# [Problem details]
Only one stretch of the data below should be repeated: the lines from the line containing "シースルーカラフルトップスカットソー長" through the line containing "no instante t.", inclusive, exactly as they are.

# [Material for this exercise]

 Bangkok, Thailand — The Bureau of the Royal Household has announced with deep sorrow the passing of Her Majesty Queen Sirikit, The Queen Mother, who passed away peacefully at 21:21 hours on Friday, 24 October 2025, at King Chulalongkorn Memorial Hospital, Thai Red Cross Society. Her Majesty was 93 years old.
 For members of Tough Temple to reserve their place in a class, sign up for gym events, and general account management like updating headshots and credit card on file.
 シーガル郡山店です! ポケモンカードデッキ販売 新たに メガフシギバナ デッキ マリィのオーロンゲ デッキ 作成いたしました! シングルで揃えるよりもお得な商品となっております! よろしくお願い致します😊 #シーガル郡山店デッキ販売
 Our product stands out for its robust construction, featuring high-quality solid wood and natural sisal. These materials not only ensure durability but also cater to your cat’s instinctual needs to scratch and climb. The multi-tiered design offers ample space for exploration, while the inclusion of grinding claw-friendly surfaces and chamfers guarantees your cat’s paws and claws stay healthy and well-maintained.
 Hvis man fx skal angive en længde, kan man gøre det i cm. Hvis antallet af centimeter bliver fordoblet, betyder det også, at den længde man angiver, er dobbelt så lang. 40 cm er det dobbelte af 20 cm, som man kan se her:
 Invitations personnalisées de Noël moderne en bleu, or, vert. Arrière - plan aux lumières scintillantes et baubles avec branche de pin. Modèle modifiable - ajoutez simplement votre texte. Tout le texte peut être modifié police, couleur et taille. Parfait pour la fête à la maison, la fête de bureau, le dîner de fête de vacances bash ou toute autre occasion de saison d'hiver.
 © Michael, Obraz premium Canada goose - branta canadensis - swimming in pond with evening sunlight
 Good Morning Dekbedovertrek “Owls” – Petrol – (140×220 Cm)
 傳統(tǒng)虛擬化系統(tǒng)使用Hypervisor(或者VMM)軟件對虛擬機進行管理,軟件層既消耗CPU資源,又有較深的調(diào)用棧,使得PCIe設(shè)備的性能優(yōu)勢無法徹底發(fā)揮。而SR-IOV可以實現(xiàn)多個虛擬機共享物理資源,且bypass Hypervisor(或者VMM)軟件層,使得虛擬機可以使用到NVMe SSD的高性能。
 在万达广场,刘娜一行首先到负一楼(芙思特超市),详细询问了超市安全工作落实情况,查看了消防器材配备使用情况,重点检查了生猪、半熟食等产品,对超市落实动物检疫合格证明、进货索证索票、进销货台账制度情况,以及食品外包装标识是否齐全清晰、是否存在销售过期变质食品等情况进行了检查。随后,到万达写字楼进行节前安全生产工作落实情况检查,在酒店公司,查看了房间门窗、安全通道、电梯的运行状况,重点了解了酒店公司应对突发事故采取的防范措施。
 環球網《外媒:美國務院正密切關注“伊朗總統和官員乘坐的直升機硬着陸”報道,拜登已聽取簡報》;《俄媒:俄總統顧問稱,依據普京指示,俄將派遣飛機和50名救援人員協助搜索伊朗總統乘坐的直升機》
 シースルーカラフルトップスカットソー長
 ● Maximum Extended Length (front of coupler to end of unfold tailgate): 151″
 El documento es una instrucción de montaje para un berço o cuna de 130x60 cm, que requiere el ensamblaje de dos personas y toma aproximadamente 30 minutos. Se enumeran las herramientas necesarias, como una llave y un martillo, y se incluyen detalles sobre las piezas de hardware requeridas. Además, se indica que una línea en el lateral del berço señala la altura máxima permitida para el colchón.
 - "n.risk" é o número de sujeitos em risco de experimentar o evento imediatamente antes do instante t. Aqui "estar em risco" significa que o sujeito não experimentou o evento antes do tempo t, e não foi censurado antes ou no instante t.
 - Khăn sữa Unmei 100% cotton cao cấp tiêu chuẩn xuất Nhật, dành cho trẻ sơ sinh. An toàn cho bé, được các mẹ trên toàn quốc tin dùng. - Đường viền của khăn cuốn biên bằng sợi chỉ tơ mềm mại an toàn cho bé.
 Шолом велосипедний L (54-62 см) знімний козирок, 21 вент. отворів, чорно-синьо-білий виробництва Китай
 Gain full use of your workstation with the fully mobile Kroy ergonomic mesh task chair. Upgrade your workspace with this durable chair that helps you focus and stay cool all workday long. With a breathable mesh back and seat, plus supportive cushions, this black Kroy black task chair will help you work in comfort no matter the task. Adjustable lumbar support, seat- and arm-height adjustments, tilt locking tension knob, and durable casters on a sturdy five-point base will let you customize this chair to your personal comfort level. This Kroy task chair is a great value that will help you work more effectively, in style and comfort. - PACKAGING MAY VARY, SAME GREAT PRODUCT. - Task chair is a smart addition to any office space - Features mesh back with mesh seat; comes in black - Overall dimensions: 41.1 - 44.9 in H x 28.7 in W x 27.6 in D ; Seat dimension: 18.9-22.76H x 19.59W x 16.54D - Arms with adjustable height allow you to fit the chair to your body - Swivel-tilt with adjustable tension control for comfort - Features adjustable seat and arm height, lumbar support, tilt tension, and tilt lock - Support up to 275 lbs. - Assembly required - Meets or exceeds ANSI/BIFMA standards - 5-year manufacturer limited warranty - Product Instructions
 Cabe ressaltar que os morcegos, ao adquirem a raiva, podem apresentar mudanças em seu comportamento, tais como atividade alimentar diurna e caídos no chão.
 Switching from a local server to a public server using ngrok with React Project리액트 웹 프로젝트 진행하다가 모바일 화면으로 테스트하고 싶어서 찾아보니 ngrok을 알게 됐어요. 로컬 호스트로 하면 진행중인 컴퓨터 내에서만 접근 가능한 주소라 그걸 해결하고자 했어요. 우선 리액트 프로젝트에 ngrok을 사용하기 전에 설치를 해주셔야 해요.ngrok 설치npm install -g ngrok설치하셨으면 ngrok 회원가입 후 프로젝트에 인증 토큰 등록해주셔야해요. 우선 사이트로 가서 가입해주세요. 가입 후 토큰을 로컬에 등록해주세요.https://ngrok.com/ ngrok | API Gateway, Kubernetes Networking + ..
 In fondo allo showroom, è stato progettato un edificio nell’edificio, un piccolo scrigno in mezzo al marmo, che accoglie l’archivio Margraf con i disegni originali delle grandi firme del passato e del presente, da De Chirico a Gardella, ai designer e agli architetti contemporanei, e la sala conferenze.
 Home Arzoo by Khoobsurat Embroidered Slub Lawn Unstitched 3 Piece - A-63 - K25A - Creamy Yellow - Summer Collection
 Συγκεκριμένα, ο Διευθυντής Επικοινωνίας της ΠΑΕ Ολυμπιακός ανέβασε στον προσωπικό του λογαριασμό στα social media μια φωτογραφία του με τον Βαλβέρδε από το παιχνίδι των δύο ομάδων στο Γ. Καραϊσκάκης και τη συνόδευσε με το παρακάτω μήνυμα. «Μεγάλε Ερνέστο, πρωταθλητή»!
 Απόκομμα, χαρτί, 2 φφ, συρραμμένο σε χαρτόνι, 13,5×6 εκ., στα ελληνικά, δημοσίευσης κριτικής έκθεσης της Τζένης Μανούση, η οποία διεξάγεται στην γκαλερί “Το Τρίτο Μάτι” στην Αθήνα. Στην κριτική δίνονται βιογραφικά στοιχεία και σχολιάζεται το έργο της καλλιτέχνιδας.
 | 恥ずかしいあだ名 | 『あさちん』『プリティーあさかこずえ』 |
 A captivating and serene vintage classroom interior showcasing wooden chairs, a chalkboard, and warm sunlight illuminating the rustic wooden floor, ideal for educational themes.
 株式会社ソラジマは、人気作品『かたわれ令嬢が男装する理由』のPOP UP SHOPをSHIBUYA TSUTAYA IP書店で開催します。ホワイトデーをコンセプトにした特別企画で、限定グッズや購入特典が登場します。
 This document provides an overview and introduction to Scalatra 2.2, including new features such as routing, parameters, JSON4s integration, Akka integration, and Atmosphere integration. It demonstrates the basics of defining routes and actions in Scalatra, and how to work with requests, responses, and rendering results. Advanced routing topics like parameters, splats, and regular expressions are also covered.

# [Result for this exercise]
 シースルーカラフルトップスカットソー長
 ● Maximum Extended Length (front of coupler to end of unfold tailgate): 151″
 El documento es una instrucción de montaje para un berço o cuna de 130x60 cm, que requiere el ensamblaje de dos personas y toma aproximadamente 30 minutos. Se enumeran las herramientas necesarias, como una llave y un martillo, y se incluyen detalles sobre las piezas de hardware requeridas. Además, se indica que una línea en el lateral del berço señala la altura máxima permitida para el colchón.
 - "n.risk" é o número de sujeitos em risco de experimentar o evento imediatamente antes do instante t. Aqui "estar em risco" significa que o sujeito não experimentou o evento antes do tempo t, e não foi censurado antes ou no instante t.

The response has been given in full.